November 27, 2015, is all set to be a historic day in the history of cricket. Two arch-rivals, Australia and New Zealand, are set to face each other in a 3-match Test series in November-December this year. What will be epic about the third match to be contested at the Adelaide Oval is that it will be the first ever day-night Test in the history of cricket.
The pink colour Kookaburra cricket ball will replace the red one for the Adelaide Test. The start time is not confirmed yet but, in all likeliness, play will commence at 2.30 pm Adelaide time and go on till 9.30 pm.
The 40-minute 'lunch' interval will be held between the second and third sessions of the day and would be known as 'dinner'. The 20-minute break for tea will keep the same name but will be held between the first and second session.
The Test match, according to ESPN cricinfo , will be a victory of sorts for the Cricket Australia (CA) chief executive James Sutherland, who has championed the concept for more than seven years.
"One of the global challenges with Test cricket is that most of the matches outside holiday periods are played on week days, in the middle of the day when people are at work and kids are at school," Sutherland said.

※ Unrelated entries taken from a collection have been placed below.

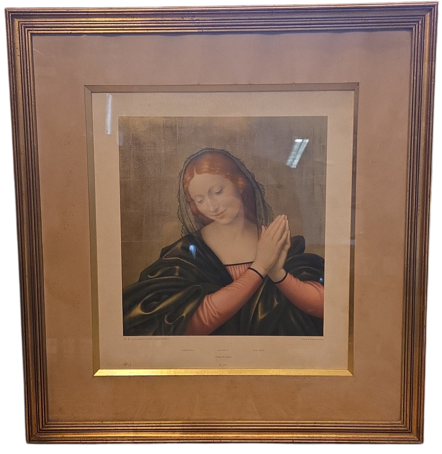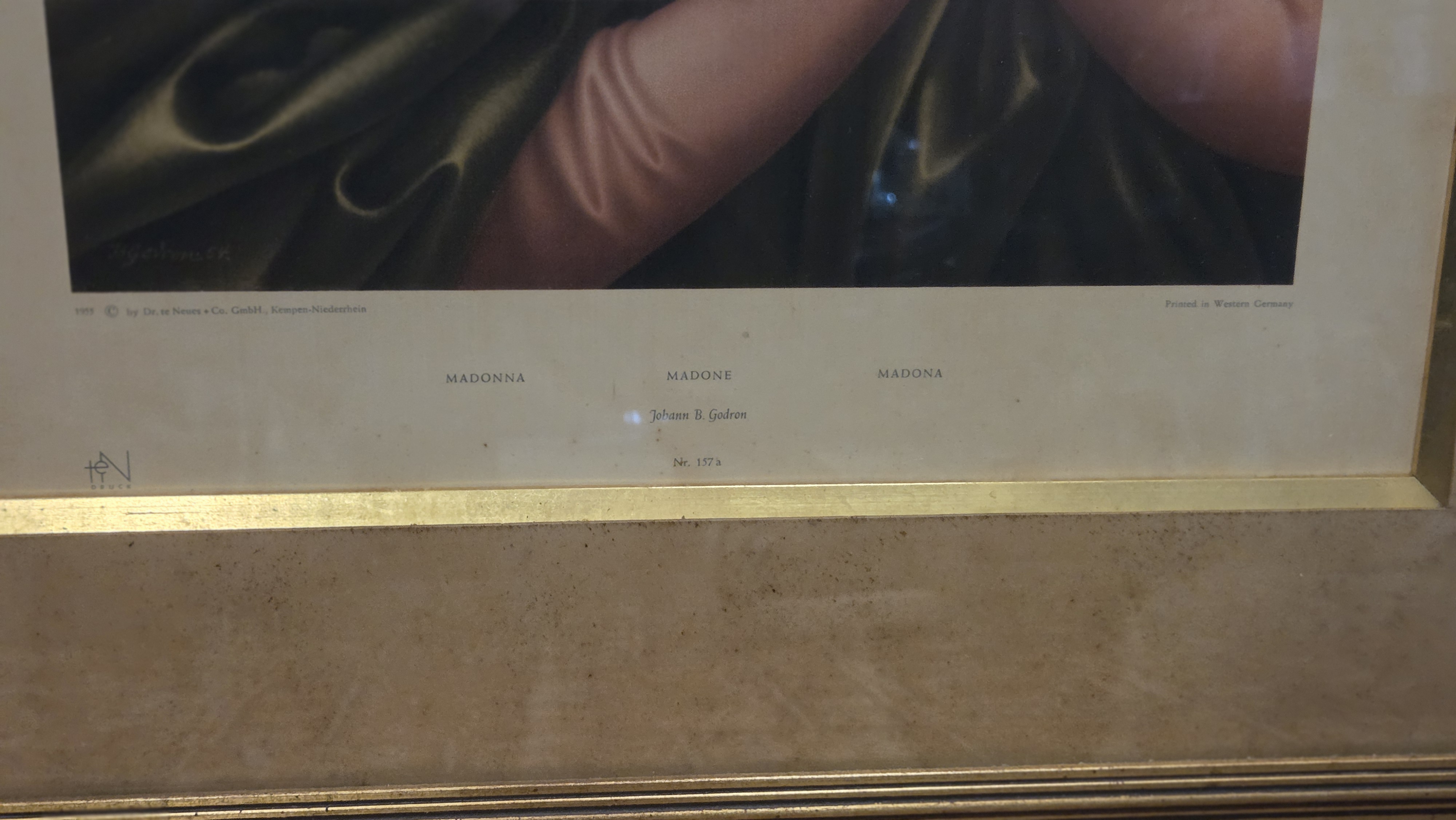 Uma peça de colecionador que une fé e história. Esta gravura da Madonna (Virgem Maria), datada de 1955, é um exemplar autêntico da produção artística da Alemanha Ocidental, período em que a manufatura de impressões litográficas e gravuras alemãs era referência mundial em qualidade de cor e papel.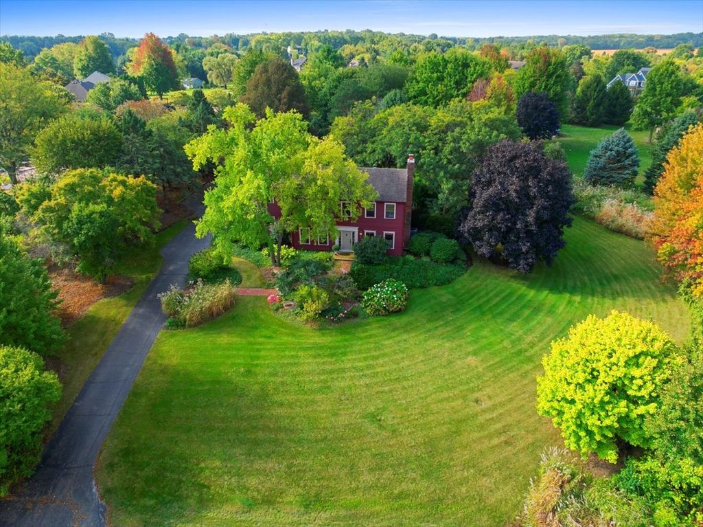 Beautiful St. Charles two-story home set on over 1.2 acres of professionally landscaped property, offering exceptional privacy while being just minutes from the Randall Road Corridor's top-rated shopping and dining, and located within the highly acclaimed St. Charles School District 303. A charming brick pathway surrounded by lush greenery welcomes you into over 3,700 sq ft of impeccably finished living space filled with timeless millwork, crown molding, and thoughtful updates throughout. The exterior (2025), interior, and trim (2026) have been refreshed with all-new paint, new garage doors for the spacious 2.5-car garage (2025), and a new furnace (2024). Step inside the foyer, where hardwood floors extend throughout the home, leading to bright, spacious interiors. A private first-floor office with French doors creates the perfect work-from-home space, while the formal living room with a wood burning brick fireplace offers an inviting space to gather. Just beyond, the formal dining room opens to a breathtaking four-season sunroom with cathedral ceilings, skylights, and a full surround of windows overlooking the serene backyard, perfect for reading, relaxing, or growing your favorite plants. The beautifully designed kitchen boasts granite countertops, ample cream cabinetry with glass-front accents, stainless steel appliances, including a new microwave and dishwasher (2025), an island with seating, and a reverse osmosis water filtration system. The oversized family room, highlighted by a dramatic floor-to-ceiling brick fireplace, creates a warm and inviting space perfect for relaxing and gathering. A convenient half bath and laundry room with a sink complete the main level. Upstairs, the spacious primary suite features a sitting area, desk space, and an enormous walk-in closet with built-in cabinetry and a center island. The ensuite bath includes dual vanities, a whirlpool tub, and a large walk-in shower with body jets. Three additional generously sized bedrooms all feature crown molding, ceiling fans, and ample closet space, and share a well-appointed full bath with tub/shower combination. The finished lower level offers incredible flexibility with a second family room, additional recreational space perfect for a game or workout area, and ample storage space, along with a cedar closet. Step outside to a true entertainer's dream. The private backyard oasis features expansive green space, a stunning multi-level brick paver patio, and a fully equipped outdoor kitchen complete with a built-in grill, cooktop, refrigerator, granite countertops, and bar seating. Whether you're hosting summer dinners, gathering around the fire pit, or enjoying yard games on the open lawn, this space is designed for effortless entertaining and everyday relaxation. Mature trees provide exceptional privacy, while a charming goldfish pond and storage shed add both character and convenience. Additional highlights include new carpet in two bedrooms upstairs (2024), electric shades in the family room and dining room, motion sensors for the security system, and an attic space above the garage for future finishing, perfect for a man cave, gym, or studio. A rare opportunity to own a beautiful 4-bed, 2.5-bath St. Charles home set on a private 1.2+ acre lot, offering exceptional indoor and outdoor living, peaceful surroundings, and a lifestyle that's increasingly hard to find.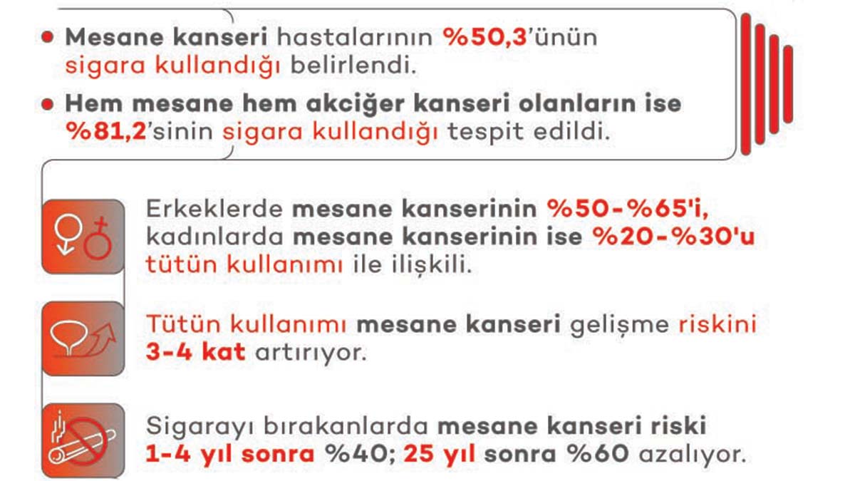 “Her yıl yeni tanı konulan mesane kanseri olgularının erkeklerde yüzde 50- 65’i, kadınlarda yüzde 20- 30’u tütün kullanımı ile ilişkili. Sigara ile ilişkili kansere bağlı ölümler sıralamasında mesane kanserine bağlı ölümler akciğer kanserinden sonra ikinci sırada yer alıyor. Sigaraya daha erken yaşlarda başlayanlarda mesane kanserinden ölüm riski daha yüksek. Mesane kanseri hastalarının daha ileri yaşlarda tanı alması, sigara kullanımına başlama ile mesane kanseri teşhisi arasında yaklaşık 30 yıllık bir gecikme süresi olduğunu düşündürüyor.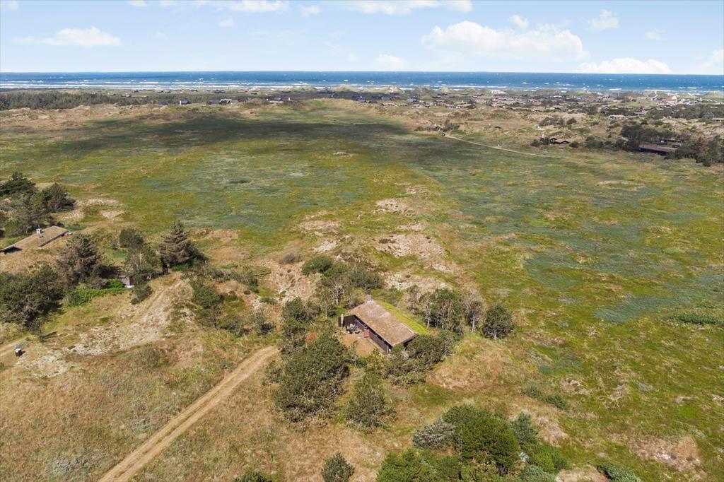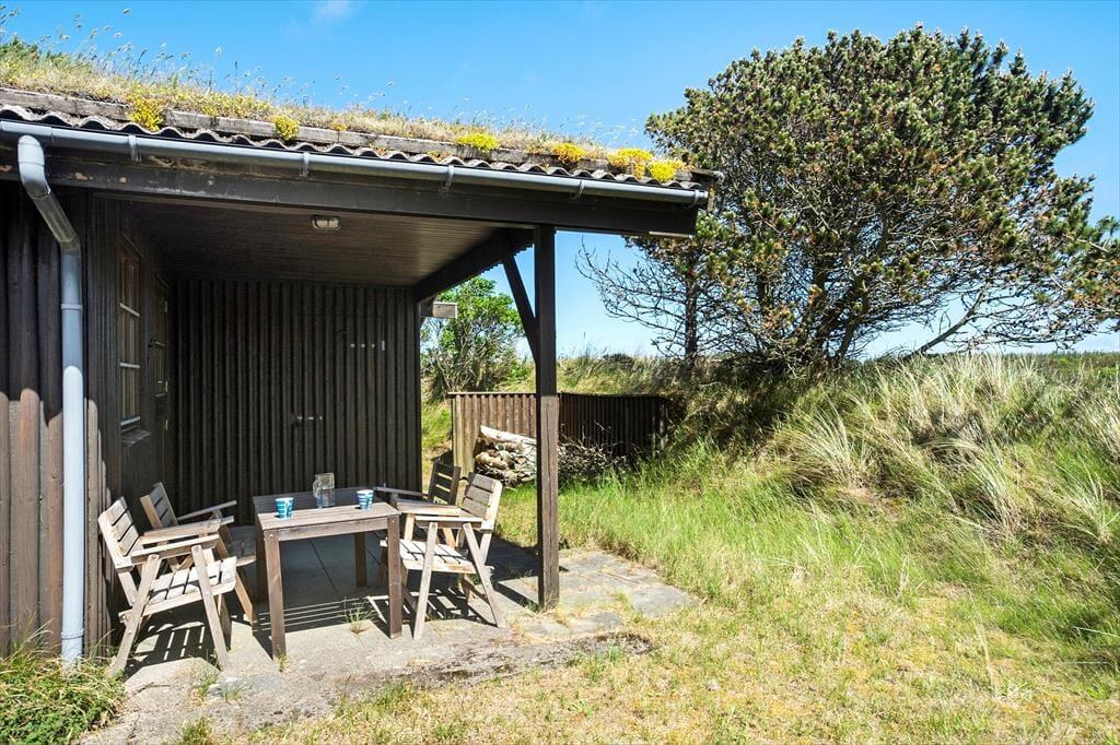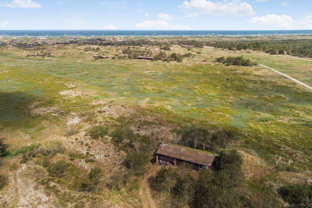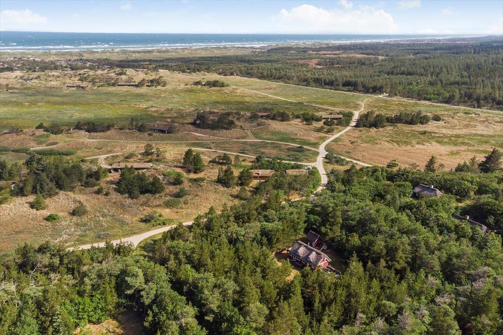 I husets sydøstlige ende ligger en overdækket terrasse, og hvis I hellere vil sidde under åben himmel, kan I slå jer ned syd for huset. Den ugenerede grund måler hele 2500 m2, og her får marehalm, krogede fyrretræer og anden naturlig bevoksning lov til at brede sig frit. Nord for grunden åbner klitheden landskabet op, og som en skøn detalje er alle nabohuse meget diskret placeret, så det er virkelig naturen, der råder her på egnen.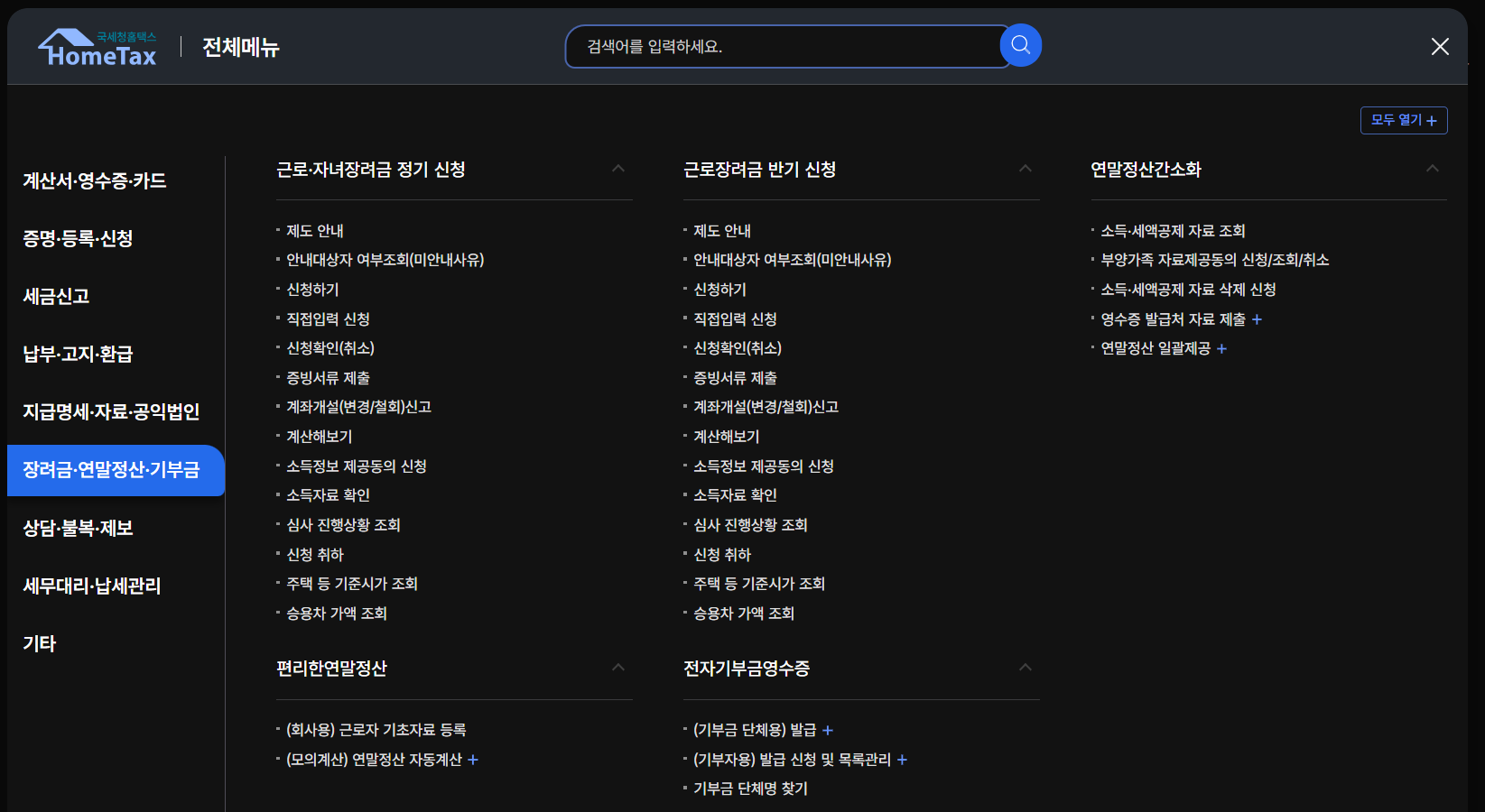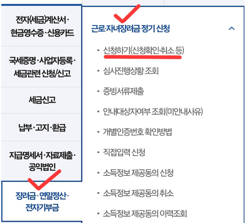 - 절차: 로그인 → 신청/제출 → 근로·자녀장려금 신청

"By shifting the playing times each day's play can go into the evening and allow people to come in after work or after school to attend the last few hours of play, but also when they get home in other parts of the world or other parts of the country, they can watch the game on TV," he added.
While most people agree that the concept is great in theory, there is far less certainty about details such as the pink ball and its behaviour, and the adjustment from day to night.
It will surely be a different ball game for the players. Under lights, they don't have to be aggressive (like in One Day matches) but just need to keep control on their skills.
New Zealand's players have voiced their concerns about the concept, and their players' association chief Heath Mills said an agreement had ultimately been reached because Brendon McCullum's team could see the 'bigger picture' benefits of regular cricket against Australia.
"It's fair to say our players are nervous about the day-night Test. It's uncharted territory and because of that there will be uncertainty and apprehension," Mills said.
Australia's coach Darren Lehmann has been a vocal supporter of the concept. "I am looking forward to it to see what it brings, looking forward to seeing how both teams perform under lights, looking forward to seeing a massive crowd," Lehmann said.
"I think it's going to be exceptional to see everyone turning up for the first one ever in Test match cricket, I'm excited, and I know the players are excited and looking forward to the challenge," he added.